__Task instructions__: Reproduce every line in the listing that contains the word "einem".

__Extracted entries__:
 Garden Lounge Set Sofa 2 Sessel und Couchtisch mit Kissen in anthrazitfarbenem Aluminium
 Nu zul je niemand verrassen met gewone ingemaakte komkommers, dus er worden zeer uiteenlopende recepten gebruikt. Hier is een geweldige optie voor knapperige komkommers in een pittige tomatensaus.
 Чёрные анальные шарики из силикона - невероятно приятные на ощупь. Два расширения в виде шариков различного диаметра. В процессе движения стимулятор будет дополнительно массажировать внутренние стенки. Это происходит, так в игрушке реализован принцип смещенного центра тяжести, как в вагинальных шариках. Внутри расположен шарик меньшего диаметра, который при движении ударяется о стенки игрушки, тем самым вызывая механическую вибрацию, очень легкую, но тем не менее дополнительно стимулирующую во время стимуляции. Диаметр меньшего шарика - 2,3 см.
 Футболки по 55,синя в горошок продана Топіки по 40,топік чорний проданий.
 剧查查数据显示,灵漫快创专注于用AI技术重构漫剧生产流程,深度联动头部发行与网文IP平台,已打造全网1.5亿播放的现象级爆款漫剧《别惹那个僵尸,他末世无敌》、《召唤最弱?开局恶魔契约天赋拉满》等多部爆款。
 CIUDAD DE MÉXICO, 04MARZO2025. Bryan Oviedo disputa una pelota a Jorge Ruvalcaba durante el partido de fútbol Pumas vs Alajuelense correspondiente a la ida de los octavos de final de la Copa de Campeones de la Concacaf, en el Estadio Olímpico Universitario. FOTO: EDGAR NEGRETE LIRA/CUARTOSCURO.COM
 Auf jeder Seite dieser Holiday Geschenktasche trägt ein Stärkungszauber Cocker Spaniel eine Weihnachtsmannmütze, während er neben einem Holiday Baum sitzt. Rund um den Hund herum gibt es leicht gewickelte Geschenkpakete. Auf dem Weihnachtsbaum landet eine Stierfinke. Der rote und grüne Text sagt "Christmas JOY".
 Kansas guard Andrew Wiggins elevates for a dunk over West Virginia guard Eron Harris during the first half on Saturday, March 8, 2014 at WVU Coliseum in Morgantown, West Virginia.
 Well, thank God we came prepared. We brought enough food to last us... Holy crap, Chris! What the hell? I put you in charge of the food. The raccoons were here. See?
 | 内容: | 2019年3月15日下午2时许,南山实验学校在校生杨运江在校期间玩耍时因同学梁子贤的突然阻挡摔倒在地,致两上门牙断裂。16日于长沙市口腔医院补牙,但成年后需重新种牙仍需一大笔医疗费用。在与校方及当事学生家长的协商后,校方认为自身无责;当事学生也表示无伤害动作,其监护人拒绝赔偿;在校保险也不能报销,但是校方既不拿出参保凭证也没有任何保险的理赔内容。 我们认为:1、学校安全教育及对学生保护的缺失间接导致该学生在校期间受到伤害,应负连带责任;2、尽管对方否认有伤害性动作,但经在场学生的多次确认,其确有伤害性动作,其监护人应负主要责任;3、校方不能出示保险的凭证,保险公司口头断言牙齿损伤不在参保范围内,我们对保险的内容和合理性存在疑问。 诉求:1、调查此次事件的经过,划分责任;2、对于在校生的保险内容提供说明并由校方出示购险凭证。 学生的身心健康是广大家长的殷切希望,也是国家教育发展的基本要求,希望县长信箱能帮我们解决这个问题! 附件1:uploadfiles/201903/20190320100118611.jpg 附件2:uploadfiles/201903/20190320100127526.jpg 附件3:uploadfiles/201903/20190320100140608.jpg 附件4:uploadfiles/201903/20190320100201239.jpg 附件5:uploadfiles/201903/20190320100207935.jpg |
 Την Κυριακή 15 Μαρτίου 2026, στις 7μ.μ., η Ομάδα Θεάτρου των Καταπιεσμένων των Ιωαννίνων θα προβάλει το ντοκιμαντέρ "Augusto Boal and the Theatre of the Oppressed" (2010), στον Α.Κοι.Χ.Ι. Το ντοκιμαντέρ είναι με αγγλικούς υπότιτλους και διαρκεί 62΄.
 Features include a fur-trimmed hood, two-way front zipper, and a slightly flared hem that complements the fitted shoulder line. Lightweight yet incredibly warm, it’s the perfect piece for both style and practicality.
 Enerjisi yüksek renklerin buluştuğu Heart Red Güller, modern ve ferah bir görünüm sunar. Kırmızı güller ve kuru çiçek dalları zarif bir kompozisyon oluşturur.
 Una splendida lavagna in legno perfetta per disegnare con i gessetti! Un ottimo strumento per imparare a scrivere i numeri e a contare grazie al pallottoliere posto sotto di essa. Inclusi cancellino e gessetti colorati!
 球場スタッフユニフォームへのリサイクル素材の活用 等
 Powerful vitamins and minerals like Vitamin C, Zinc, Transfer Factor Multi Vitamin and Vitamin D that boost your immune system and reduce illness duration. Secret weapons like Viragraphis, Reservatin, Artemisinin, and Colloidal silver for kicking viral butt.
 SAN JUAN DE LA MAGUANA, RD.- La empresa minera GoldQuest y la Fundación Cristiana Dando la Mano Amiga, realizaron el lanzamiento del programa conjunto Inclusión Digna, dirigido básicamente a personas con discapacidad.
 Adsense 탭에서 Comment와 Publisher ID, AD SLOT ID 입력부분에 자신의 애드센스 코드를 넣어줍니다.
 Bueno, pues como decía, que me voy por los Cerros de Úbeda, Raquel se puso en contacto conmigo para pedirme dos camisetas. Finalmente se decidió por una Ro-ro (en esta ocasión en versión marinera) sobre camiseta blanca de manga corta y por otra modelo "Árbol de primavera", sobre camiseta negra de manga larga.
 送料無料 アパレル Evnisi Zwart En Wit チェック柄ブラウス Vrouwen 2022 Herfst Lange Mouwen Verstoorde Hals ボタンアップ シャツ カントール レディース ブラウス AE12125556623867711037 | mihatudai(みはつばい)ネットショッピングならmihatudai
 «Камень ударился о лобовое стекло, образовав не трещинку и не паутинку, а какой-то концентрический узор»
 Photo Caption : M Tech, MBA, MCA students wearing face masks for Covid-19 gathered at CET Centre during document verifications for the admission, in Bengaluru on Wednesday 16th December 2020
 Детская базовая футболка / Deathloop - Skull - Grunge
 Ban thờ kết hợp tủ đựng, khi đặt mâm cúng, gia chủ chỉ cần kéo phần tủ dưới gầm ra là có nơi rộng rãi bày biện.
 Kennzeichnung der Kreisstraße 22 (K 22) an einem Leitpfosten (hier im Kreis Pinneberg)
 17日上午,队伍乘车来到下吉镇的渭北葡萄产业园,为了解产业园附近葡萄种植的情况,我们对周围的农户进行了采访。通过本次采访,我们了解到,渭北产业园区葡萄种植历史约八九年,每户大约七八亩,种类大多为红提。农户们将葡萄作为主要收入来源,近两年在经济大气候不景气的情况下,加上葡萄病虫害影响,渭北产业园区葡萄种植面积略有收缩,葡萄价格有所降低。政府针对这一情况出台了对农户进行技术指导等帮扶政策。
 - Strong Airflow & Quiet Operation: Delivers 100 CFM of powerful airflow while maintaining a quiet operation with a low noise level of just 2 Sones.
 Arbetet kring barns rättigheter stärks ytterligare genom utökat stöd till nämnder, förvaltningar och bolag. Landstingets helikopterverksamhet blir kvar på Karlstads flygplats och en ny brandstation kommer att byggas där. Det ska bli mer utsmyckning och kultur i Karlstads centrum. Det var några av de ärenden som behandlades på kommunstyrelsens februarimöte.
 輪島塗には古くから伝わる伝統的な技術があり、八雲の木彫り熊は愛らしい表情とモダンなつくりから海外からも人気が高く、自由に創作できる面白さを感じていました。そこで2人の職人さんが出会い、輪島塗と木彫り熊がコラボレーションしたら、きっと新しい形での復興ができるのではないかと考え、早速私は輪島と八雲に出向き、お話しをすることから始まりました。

__Response to the task__:
 Auf jeder Seite dieser Holiday Geschenktasche trägt ein Stärkungszauber Cocker Spaniel eine Weihnachtsmannmütze, während er neben einem Holiday Baum sitzt. Rund um den Hund herum gibt es leicht gewickelte Geschenkpakete. Auf dem Weihnachtsbaum landet eine Stierfinke. Der rote und grüne Text sagt "Christmas JOY".
 Kennzeichnung der Kreisstraße 22 (K 22) an einem Leitpfosten (hier im Kreis Pinneberg)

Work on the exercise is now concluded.